The former president said he’s unconcerned about the 10 pending corruption cases against him in Singapore, Finland, Japan and Panama. He´s also not worried that the U.S. government has canceled his U.S. travel visa. “Thank god the State Department doesn’t vote here,” he said.
Alemán, who in 2004 was named one of the top ten most corrupt leaders in modern history by Transparency International, noted that he was exonerated of corruption charges in Nicaragua in 2009 by PLC judges, who reversed his 20 year prison sentence, making him a free man.
“In Nicaragua I am totally clear and I am running for president inNicaragua,” he said. “I’m not trying to be the candidate in Panama or Singapore. I am running in Nicaragua.”
Alemán also said his health is no longer a concern that´s serious enough to keep him at home, despite allegedly suffering from 10 chronic illnesses, which in 2005 were deemed by a judge to be serious enough to commute his 20-year prison sentence to house arrest.
Asked by The Nica Times if his health is strong enough for him to be campaigning again, Alemán, who this week turns 64, said he has to take care of himself, but at least his virility is in good shape.
“If Maria Fernanda (Alemán’s wife) doesn’t take care of herself, she’s going to end up with a fourth child,” Alemán said with a laugh.
Alemán insists that the process of Liberal Party unification continues to evolve, despite publicly expressed concerns that unity remains an elusive promise.

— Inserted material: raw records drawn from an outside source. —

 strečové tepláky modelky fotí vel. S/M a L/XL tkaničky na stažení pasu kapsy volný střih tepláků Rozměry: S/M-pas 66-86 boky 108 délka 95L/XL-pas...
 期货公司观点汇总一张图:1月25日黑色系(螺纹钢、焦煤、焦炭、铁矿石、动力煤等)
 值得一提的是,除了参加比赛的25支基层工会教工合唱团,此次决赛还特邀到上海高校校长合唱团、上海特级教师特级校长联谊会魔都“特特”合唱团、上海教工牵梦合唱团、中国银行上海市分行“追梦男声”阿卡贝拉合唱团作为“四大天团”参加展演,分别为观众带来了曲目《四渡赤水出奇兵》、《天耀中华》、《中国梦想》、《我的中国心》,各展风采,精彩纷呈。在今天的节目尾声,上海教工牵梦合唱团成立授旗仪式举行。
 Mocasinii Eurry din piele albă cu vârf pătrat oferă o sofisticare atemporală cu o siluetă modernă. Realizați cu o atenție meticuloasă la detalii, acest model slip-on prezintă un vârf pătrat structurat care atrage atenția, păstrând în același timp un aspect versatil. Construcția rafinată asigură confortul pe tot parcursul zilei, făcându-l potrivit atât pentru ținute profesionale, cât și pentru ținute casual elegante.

The PLC party boss noted that his lawmakers did not give the Sandinistas the votes they needed in the National Assembly to reform the Constitution to allow President Daniel Ortega’s reelection, forcing the ruling party to resort to more questionable judicial moves to green-light the former revolutionary’s aspirations to perpetuate himself in power.
Alemán, however, insists the Sandinista judges’ ruling was illegal, and that Ortega cannot and will not be a candidate for president in 2011.

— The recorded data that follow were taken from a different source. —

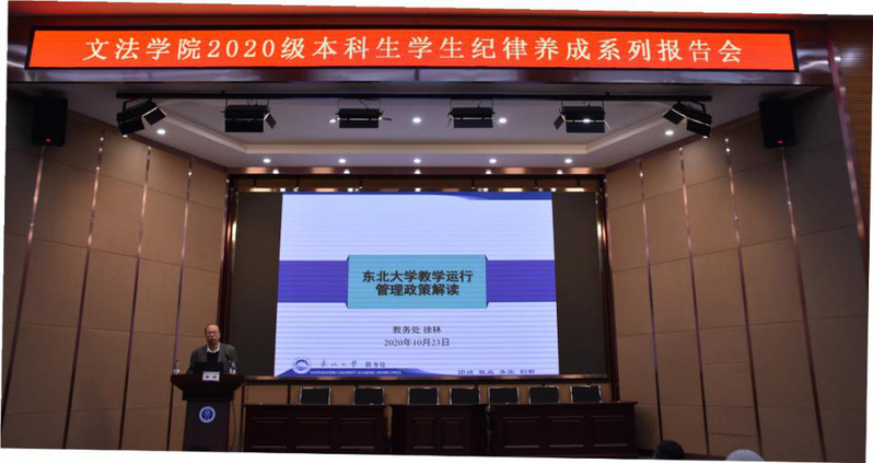2020年10月23日,东北大学文法学院2020级本科生学生纪律养成系列报告会在文管学馆萃升报告厅举行,东北大学教务处副处长徐林受邀为同学们作题为“东北大学教学运行管理政策解读”的主题报告。文法学院党委副书记兼副院长夏风云,学院教学办、学生办老师以及2020级本科生参与本次会议。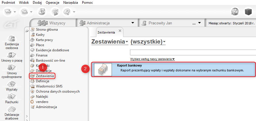 W celu wyliczenia w programie Gratyfikant GT zestawienia prezentującego wpłaty i wypłaty na wybranym rachunku bankowym należy:
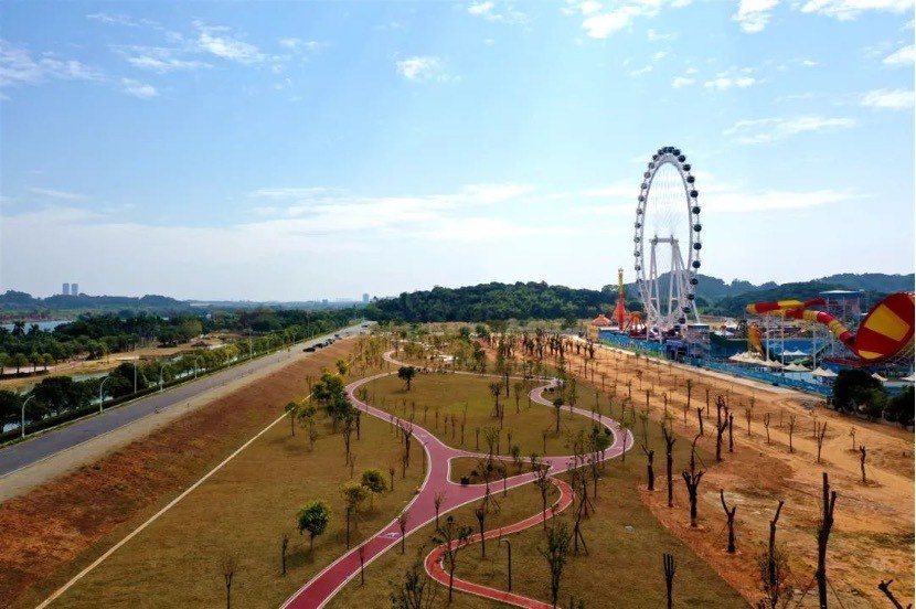 江湾公园是荔湖街“百千万工程”重点项目之一,其地理位置优越,西邻荔湖欢乐湾文旅项目,东面与增江画廊湿地公园一路之隔,北靠荔湖大道,南邻连江路。公园面积约40亩,整体呈长方形,布局与东侧增江画廊相互呼应:以中心位置的阳光草坪和漫步游径为核心,以乡土树种和茶花、紫荆、紫薇等多种主题花林景观为骨架,通过蜿蜒曲折的穿林步道贯穿南北、联动东西,打造“鸟语花香、树影婆娑、清风徐来”的都市绿洲。

“Daniel Ortega can’t be a candidate, he is violating the constitution,” Alemán bellowed. “And whoever proposes Ortega’s candidacy is committing a crime against the constitution.”
The PLC boss told The Nica Times that once Ortega is no longer the Sandinistas’ candidate, the rest of the party will “collapse like thetowerofBabel.”

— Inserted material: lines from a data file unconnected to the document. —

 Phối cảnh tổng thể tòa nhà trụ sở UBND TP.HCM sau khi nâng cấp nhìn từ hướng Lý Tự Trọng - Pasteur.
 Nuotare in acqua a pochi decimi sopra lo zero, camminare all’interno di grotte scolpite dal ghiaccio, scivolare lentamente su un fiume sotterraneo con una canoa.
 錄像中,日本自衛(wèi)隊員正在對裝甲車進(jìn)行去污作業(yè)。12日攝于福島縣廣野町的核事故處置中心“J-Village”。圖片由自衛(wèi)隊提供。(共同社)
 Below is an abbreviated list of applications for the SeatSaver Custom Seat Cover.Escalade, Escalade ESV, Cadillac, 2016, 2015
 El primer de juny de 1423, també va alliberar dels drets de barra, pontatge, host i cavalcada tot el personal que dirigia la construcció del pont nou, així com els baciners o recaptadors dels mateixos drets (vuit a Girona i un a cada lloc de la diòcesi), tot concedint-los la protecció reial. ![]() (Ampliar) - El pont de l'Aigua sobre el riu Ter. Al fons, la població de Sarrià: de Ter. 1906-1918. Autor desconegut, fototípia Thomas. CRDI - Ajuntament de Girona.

Alemán also denied that he’s in cahoots with Ortega to elect new magistrates to the Supreme Electoral Council (CSE), whose terms end in February and June. Alemán said that according to the agreement he signed last year with other opposition parties, the PLC will not back the reelection of any of the current CSE magistrates, who are accused of authoring the alleged electoral fraud in the 2008 municipal elections.
The Sandinistas have already proposed the reelection of CSE president Roberto Rivas, an Ortega sympathizer considered the mastermind of the alleged electoral fraud in 2008.
Rivas is currently under investigation for corruption inCosta Rica, where he owns property and spends much of his time.
“There will be no reelection for any of the 10” CSE magistrates and their supplements, Alemán promised. He denied that he was already negotiating a new list of candidates.
It’s Gotta Be PLC
While Alemán continues to speak of Liberal Party unity as an “obligation of the democratic forces,” the message is still one of unity on his terms.
Alemán said he is focusing on his candidacy now, but the process of unification will come later down the road.
However, he said, he thinks his PLC is the “best vehicle” for the opposition, and that it would “be crazy” to try to unite against the Sandinistas under another party’s flag.
PLC spokesman Leonel Teller went a step further, saying his party thinks it “would be suicide” to run a single opposition candidate on the ticket of another party.
He said that the PLC is the most organized and judicially secure party, and that all the other opposition parties are being held “captive” by the Ortega-controlled CSE, which could cancel their legal status at any moment, as it did to the Sandinista Renovation Movement (MRS) and Conservative Party (PC) in 2008.
Plus, Alemán added, the PLC ticket “already beat Daniel Ortega once in 2001.”